By AAMER MADHANI, PAUL WISEMAN and ELAINE KURTENBACH
Associated Press

WASHINGTON (AP) — There’s been no shortage of tough news for China’s economy as some of the world’s biggest brands consider or take action to shift manufacturing to friendlier shores at a time of unease about security controls, protectionism and wobbly relations between Beijing and Washington.

Count Adidas, Apple and Samsung among those looking elsewhere.

But as a tumultuous 2023 for the Chinese economy comes to a close, there has been at least one bright spot for Beijing when it comes to foreign investment: American fast-food chains have decided a market of 1.4 billion people is simply too delicious to pass up.

KFC China’s parent company opened its 10,000th restaurant in China this month and aims to have stores within reach of half of China’s population by 2026. McDonald’s is planning to open 3,500 new stores in China over the next four years. And Starbucks invested $220 million in a manufacturing and distribution facility in eastern China, its biggest project outside the U.S.

This is surely not what Chinese President Xi Jinping had in mind as he made the case to American CEOs about the upside of China’s “super-large market” last month while he was in San Francisco for a summit of world leaders. The investments in fast food and other consumer goods, while Washington is curbing exports of computer chips and other advanced technology, don’t fit into China’s own blueprint for modernizing its economy.

“As you try to interpret the signals from McDonald’s and Starbucks” and other chains, says Phil Levy, chief economist at the supply chain management firm Flexport, “note what the industries are: These are not high-tech burgers.’’

And while some U.S. companies are increasing investments in the world’s second-largest economy, overall foreign investment began falling this year. In the July-September quarter, net foreign direct investment in China sank to a deficit of $11.8 billion, the first quarterly deficit since Beijing began publishing the data in 1998.

As tensions simmer between China and its Western trading partners, many multinational companies are shifting investments to other places, such as Southeast Asia or India, or repatriating their earnings. That has sapped China of a key engine when its economy has yet to fully recover from the disruptions of the pandemic and a property industry crisis that has been a drag on growth.

Beijing puts some of the blame on U.S. government policies.

Commerce Ministry spokesperson Shu Jueting said recently, “The U.S. side has repeatedly politicized economic, trade and technology issues and overstretched the concept of security, abused export control measures, and restricted trade and investment in China by its own enterprises, which is forcing enterprises to give up opportunities in the Chinese market and opportunities for win-win cooperation.”

A survey released in September by the U.S.-China Business Council, which represents American companies in China, suggested that the uncertainty has taken a toll: 43% of its members said China’s business environment had deteriorated in the past year, and 83% said they were less optimistic about China than they had been three years ago.

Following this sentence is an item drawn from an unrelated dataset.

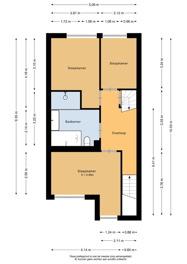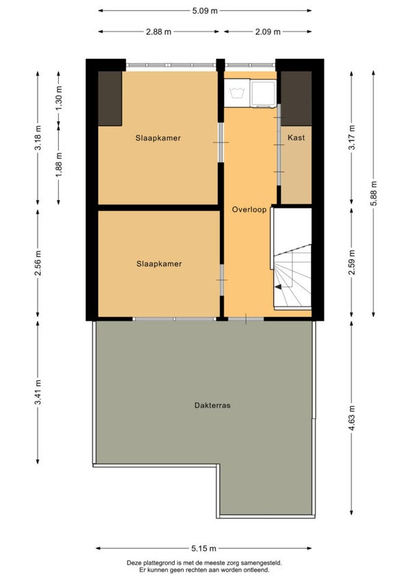 - De tussenwoning heeft een woonoppervlakte van 129 m² en beschikt over 6 kamers, waarvan 5 slaapkamers;

Twenty-one percent said they were investing fewer resources in China, versus just 10% who were investing more.

Surveys of European and Japanese companies have shown similar results.

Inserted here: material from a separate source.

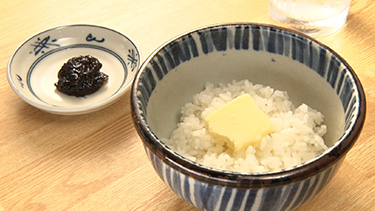 最後の〆は、温かいご飯にバターを一片のせた「バターごはん」! 海苔の佃煮を醤油がわりに一緒にいただく。きたろうさんは、「驚いた! ただのバターごはんだ」と大興奮! 一口食して、「想像を超えないよ(笑)」と言いながらもうれしそう! 「私、食べたことないんですよね」という武藤さんも「おいしい〜。贅沢なごはんって感じになりますね」と自然と笑顔がこぼれた。

While China’s market is gigantic, it’s ailing. Unemployment among young Chinese rose to over 20% by June, the last time the government released that data. Housing prices are falling and the stock market is down nearly 15% since the summer. That’s left many Chinese feeling nervous about spending.

Still, bullishness for China as other industries try to de-risk and detangle from Beijing may be a profit-increasing strategy for the fast-food industry.

“We believe there is no better time to simplify our structure, given the tremendous opportunity to capture increased demand and further benefit from our fastest-growing market’s long-term potential,” McDonald’s CEO Chris Kempczinski said as the Chicago-based company announced in November it was increasing its minority 20% ownership of its McDonald’s licensed stores in China, Macau and Hong Kong to 48%.

Burgers and lattes don’t raise the sorts of friction that more high-tech industries have in the complicated U.S.-China relationship. Those strains have persisted under the presidency of Joe Biden, who took office vowing to do more to counter China’s expanding military clout and its menacing of neighbors, to improve the country’s treatment of Uyghur and other ethnic minorities, and to crack down on intellectual property theft.

Relations hit a low point in February when Biden ordered a Chinese spy balloon that traversed the continental United States to be shot down. Beijing, which claims self-governed Taiwan as its own territory, also protested a stopover in the U.S. by the island’s president, Tsai Ing-wen, earlier this year. China answered fresh U.S. controls on exports of advanced computer chips and the technology to make them with limits of its own on exports of vital commodities like graphite, gallium and germanium, all metals used in making semiconductors, solar panels, missiles and radar.

The relationship appears to be stabilizing somewhat as 2023 winds down, highlighted by last month’s Biden and Xi meeting outside San Francisco. But since then, Biden’s top advisers have said there are no plans to shift the strategy of tightening regulations and blocking U.S.-based high-tech investments in China, citing the need to safeguard national security.

Both former President Donald Trump, the 2024 GOP presidential front-runner, and Biden have worried about depending on China, a potential adversary, for supplies of critical materials used in many high-tech products. Both have sought to reduce America’s reliance on Chinese factories and have encouraged companies to shift away from China to other countries — so-called “friend-shoring.”

Still, Biden administration officials have said they don’t want to see a total decoupling of the world’s two biggest economies.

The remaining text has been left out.